Thursday, November 17, 2005

Staying Warm

As the warm autumn days slowly give way to bitter, soul-suckingly-cold winter nights, my thoughts turn increasingly to the dilemma of how to bundle up and insulate myself against the chill to avoid such nasty experiences as frostbitten toes. Now, those of you living in the land of central heating are probably thinking that I’m a weenie and it’s not as bad as all that. And I am, in fact, a weenie. However, that does not change the fact that it gets cold really here in the land of drafty third-world construction. The inside temperature inside one’s house usually only manages to reach at most 10-15 degrees above the ambient outside temperature. Which means that when it gets down to freezing outside it will be in the 40s in my house. And that, my friends, is cold.

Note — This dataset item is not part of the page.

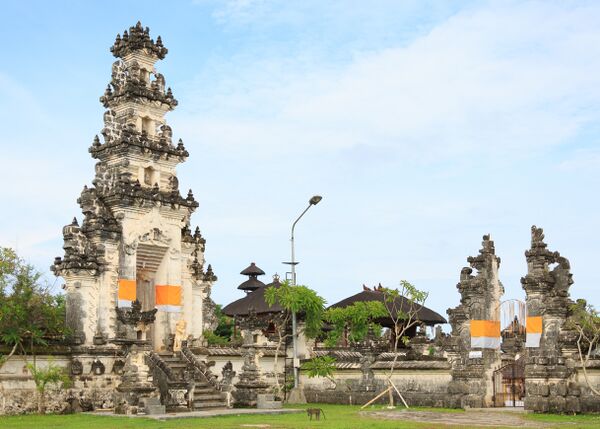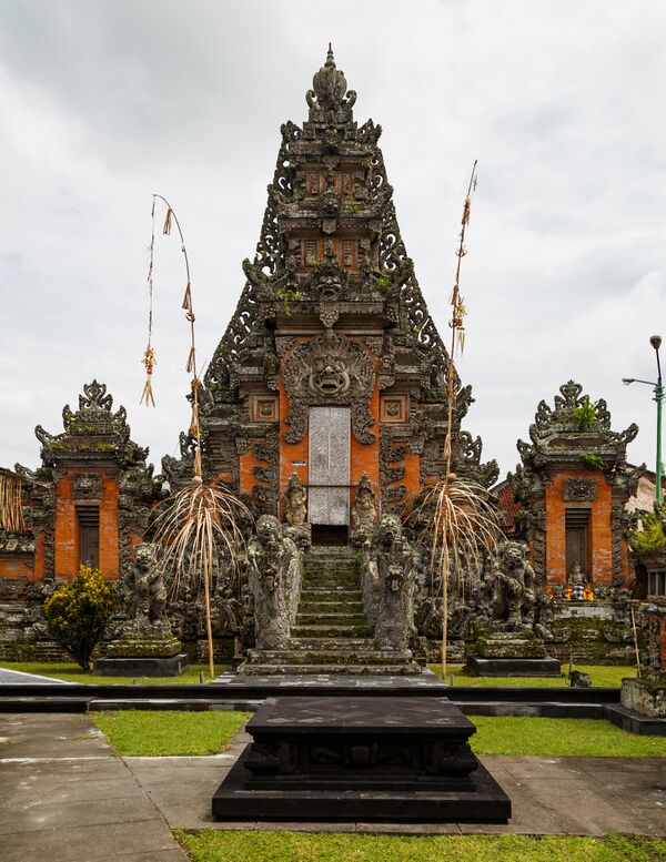 В балийской храмовой архитектуре главный храм обычно имеет тройные ворота кори-агунг, самый большой и высокий кори-агунг между двумя меньшими. Ежедневно посвящённые и случайные посетители используют боковые двери, в то время как главная дверь заперта, за исключением религиозных праздников.[2] На Бали центральные ворота кори-агунг предназначены для священников и богов.

But do not despair! There are a variety of heat-producing options available to the resourceful Indian inhabitant. These include:

The Kerosene Heater – The nice people in the hospitality office of Woodstock provided me with a small kerosene heater for my apartment. They did not, however, provide me with any kerosene nor any insights into where one might acquire such a thing. Huh.

The Propane Heater – These are cumbersome metal contraptions, attached to large propane tanks. Lighting them is a bit of a pain and they smell but they do produce warmth. I have one in my office but didn’t want to shell out the necessary cash to get one in my house. Besides, inhaling the fumes for 8 hours a day is really enough for me.

The Blow Heater – Blow heaters are small electric heaters, about 2 feet by 1 foot, which blow hot air out from a series of fans. For the most part they are fabulous though there are two areas of potential difficulty. First, if the power fails, as it frequently does, there goes your power. Second, and more worrisome, if you turn the heater up too high, it can do bad things to the wiring in your house. These bad things can range from simply blowing the fuse to causing flames to shoot out from your fuse box (as happened to my friend Tara—ALL the wiring in her house had to be replaced).

The Electric Blanket – I brought one with me from the States and finally got a voltage converter so I can (in theory) make it work. The idea is that you put it in your bed and turn it on about a half hour before you want to climb into said bed. Then it’s all cozy and warm and welcoming rather than frigid and awful. Only I’m not sure if mine works. You’d think it would be pretty easy to tell—either the blanket is warm or it is not—but you’d be wrong. The blankets never really get hot to the touch so it can actually be quite difficult to tell if it is functional. However, in a brilliant demonstration of mind over matter, I am telling myself that it works and thereby feeling warmer.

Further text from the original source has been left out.